### Work request
All pictures are to be dropped, and the remaining data set down exactly.

__________

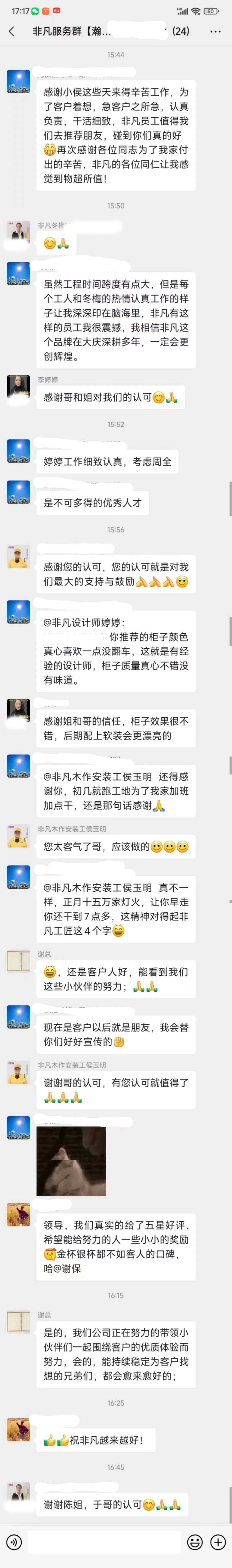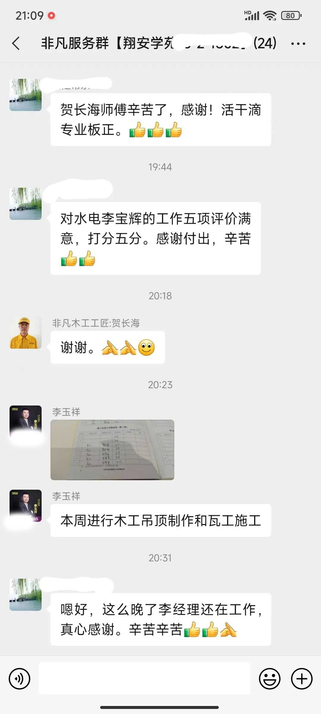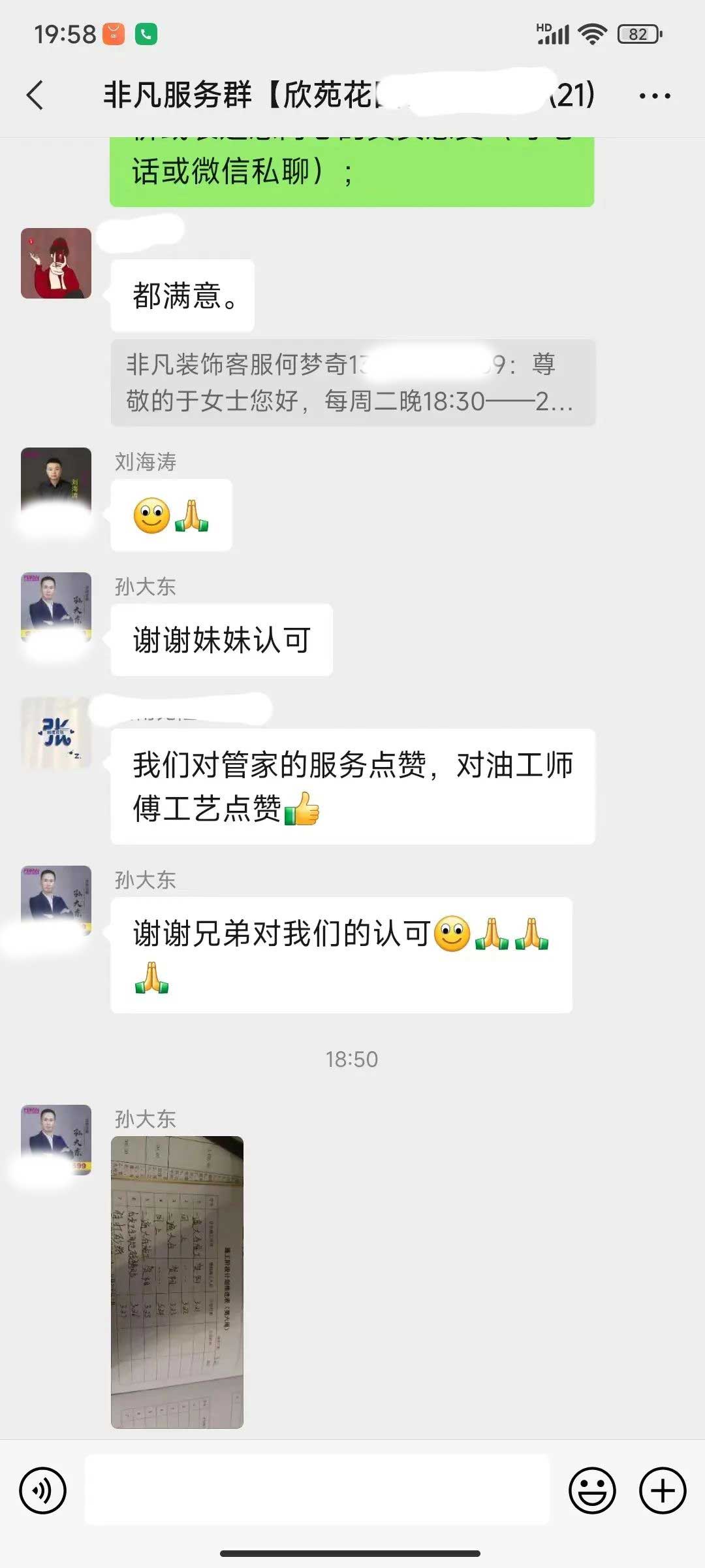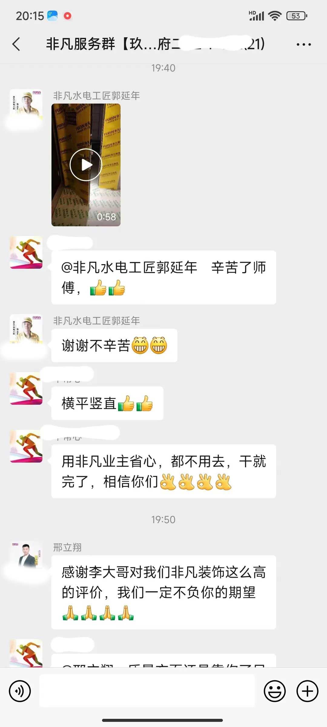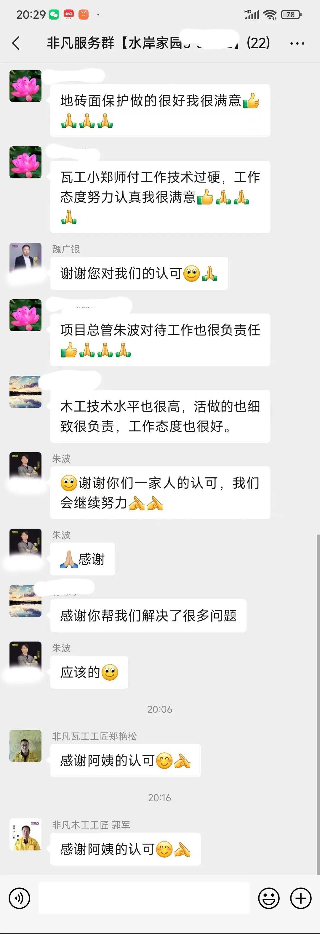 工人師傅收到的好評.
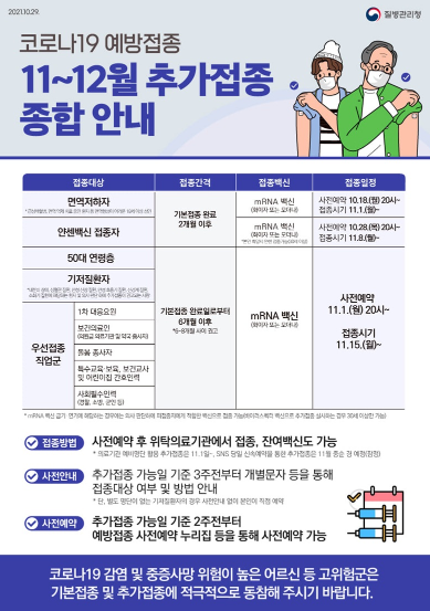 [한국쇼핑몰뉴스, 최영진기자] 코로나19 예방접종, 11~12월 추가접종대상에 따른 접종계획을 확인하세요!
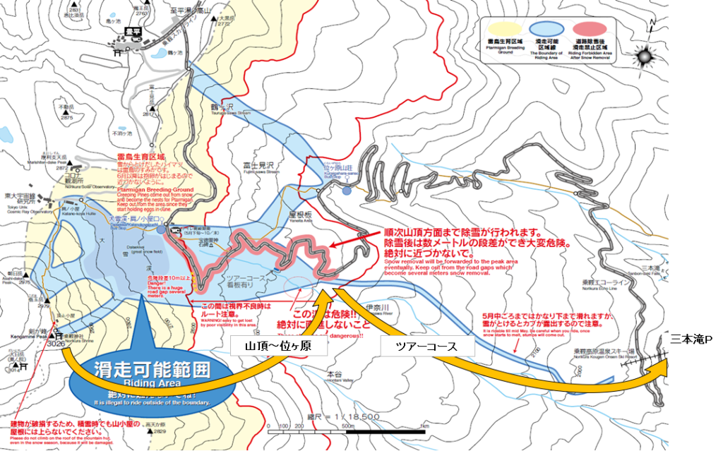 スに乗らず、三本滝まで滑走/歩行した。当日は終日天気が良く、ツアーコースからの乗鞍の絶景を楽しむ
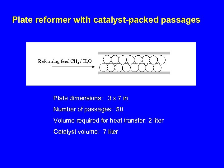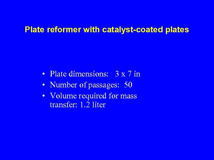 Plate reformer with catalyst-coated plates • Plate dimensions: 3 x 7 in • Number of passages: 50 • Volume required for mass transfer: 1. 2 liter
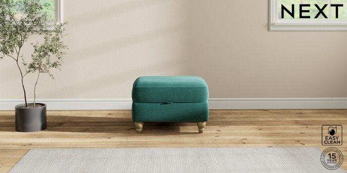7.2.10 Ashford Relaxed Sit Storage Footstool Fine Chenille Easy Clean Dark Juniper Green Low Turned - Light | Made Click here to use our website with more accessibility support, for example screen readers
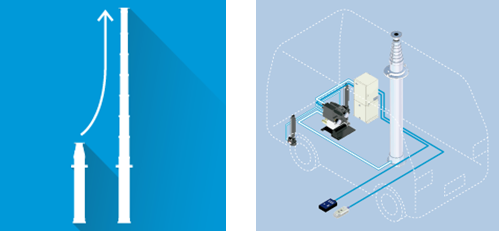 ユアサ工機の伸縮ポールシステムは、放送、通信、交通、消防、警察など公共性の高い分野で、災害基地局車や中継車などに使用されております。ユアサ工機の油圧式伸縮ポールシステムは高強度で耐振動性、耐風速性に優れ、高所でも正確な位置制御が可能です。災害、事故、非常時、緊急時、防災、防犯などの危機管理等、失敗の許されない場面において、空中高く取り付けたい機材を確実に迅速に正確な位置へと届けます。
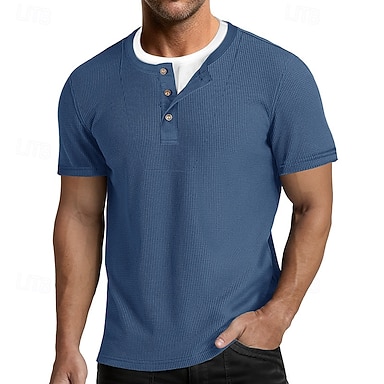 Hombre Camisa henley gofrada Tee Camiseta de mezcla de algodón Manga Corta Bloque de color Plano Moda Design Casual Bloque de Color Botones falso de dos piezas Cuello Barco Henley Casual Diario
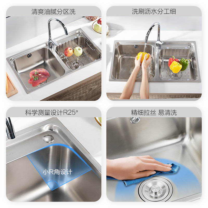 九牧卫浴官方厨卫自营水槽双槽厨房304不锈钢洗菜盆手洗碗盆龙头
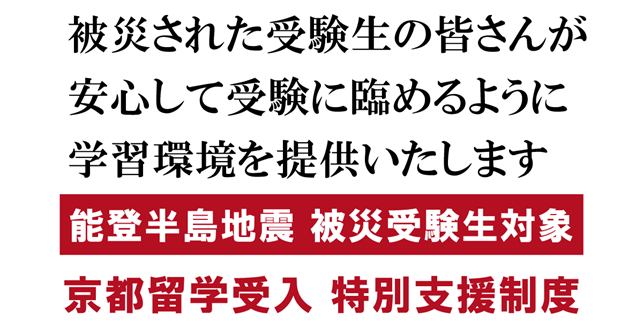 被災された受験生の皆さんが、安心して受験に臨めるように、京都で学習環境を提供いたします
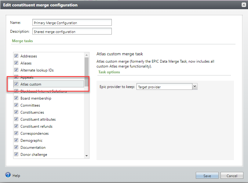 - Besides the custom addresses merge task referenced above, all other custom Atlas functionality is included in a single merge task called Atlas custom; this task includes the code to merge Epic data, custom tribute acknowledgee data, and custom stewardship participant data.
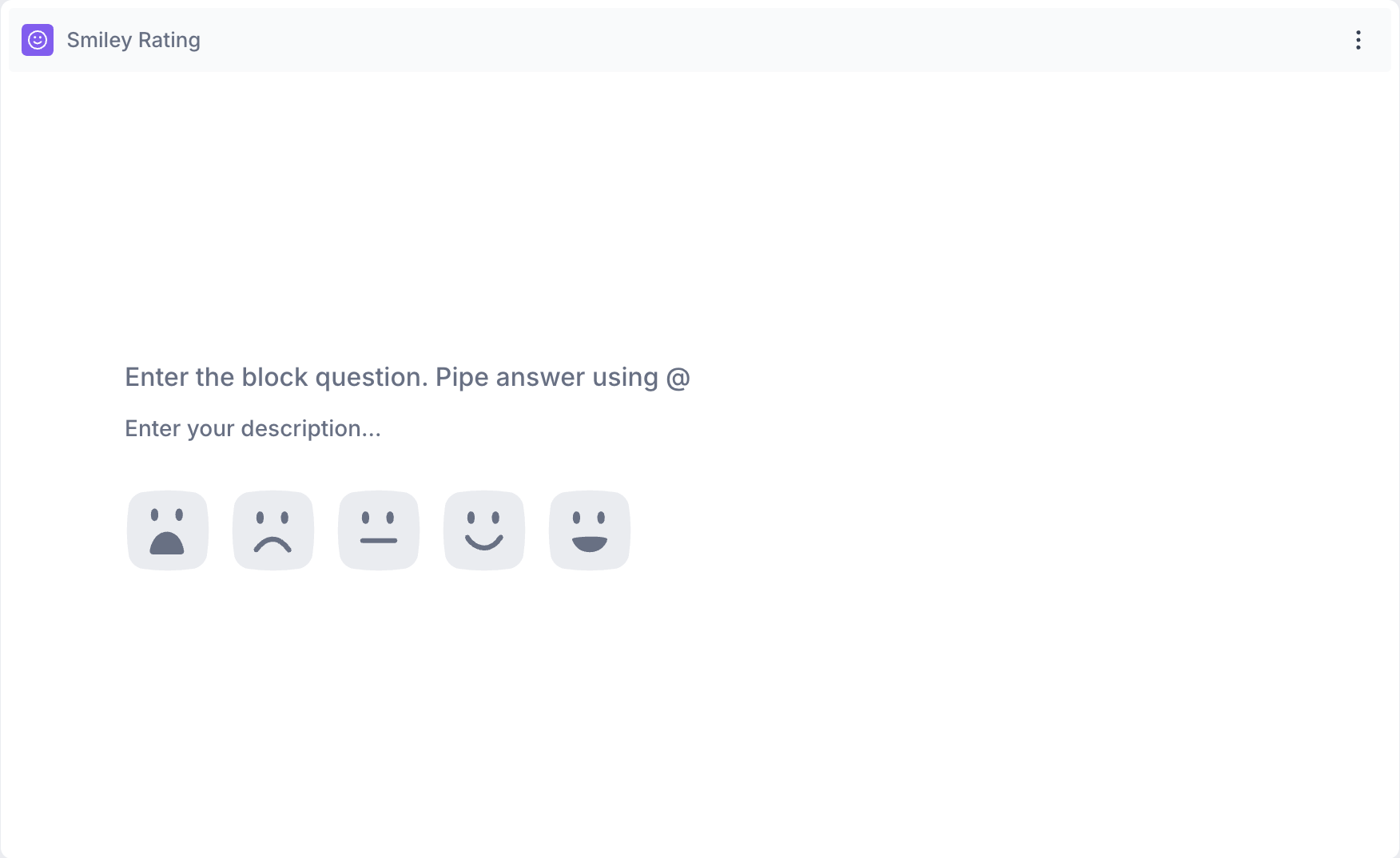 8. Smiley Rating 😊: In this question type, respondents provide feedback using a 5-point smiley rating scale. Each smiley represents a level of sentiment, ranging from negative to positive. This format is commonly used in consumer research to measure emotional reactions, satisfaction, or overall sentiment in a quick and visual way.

__________

### Task answer
 工人師傅收到的好評.
 [한국쇼핑몰뉴스, 최영진기자] 코로나19 예방접종, 11~12월 추가접종대상에 따른 접종계획을 확인하세요!
 スに乗らず、三本滝まで滑走/歩行した。当日は終日天気が良く、ツアーコースからの乗鞍の絶景を楽しむ
 Plate reformer with catalyst-coated plates • Plate dimensions: 3 x 7 in • Number of passages: 50 • Volume required for mass transfer: 1. 2 liter
7.2.10 Ashford Relaxed Sit Storage Footstool Fine Chenille Easy Clean Dark Juniper Green Low Turned - Light | Made Click here to use our website with more accessibility support, for example screen readers
 ユアサ工機の伸縮ポールシステムは、放送、通信、交通、消防、警察など公共性の高い分野で、災害基地局車や中継車などに使用されております。ユアサ工機の油圧式伸縮ポールシステムは高強度で耐振動性、耐風速性に優れ、高所でも正確な位置制御が可能です。災害、事故、非常時、緊急時、防災、防犯などの危機管理等、失敗の許されない場面において、空中高く取り付けたい機材を確実に迅速に正確な位置へと届けます。
 Hombre Camisa henley gofrada Tee Camiseta de mezcla de algodón Manga Corta Bloque de color Plano Moda Design Casual Bloque de Color Botones falso de dos piezas Cuello Barco Henley Casual Diario
 九牧卫浴官方厨卫自营水槽双槽厨房304不锈钢洗菜盆手洗碗盆龙头
 被災された受験生の皆さんが、安心して受験に臨めるように、京都で学習環境を提供いたします
 - Besides the custom addresses merge task referenced above, all other custom Atlas functionality is included in a single merge task called Atlas custom; this task includes the code to merge Epic data, custom tribute acknowledgee data, and custom stewardship participant data.
 8. Smiley Rating 😊: In this question type, respondents provide feedback using a 5-point smiley rating scale. Each smiley represents a level of sentiment, ranging from negative to positive. This format is commonly used in consumer research to measure emotional reactions, satisfaction, or overall sentiment in a quick and visual way.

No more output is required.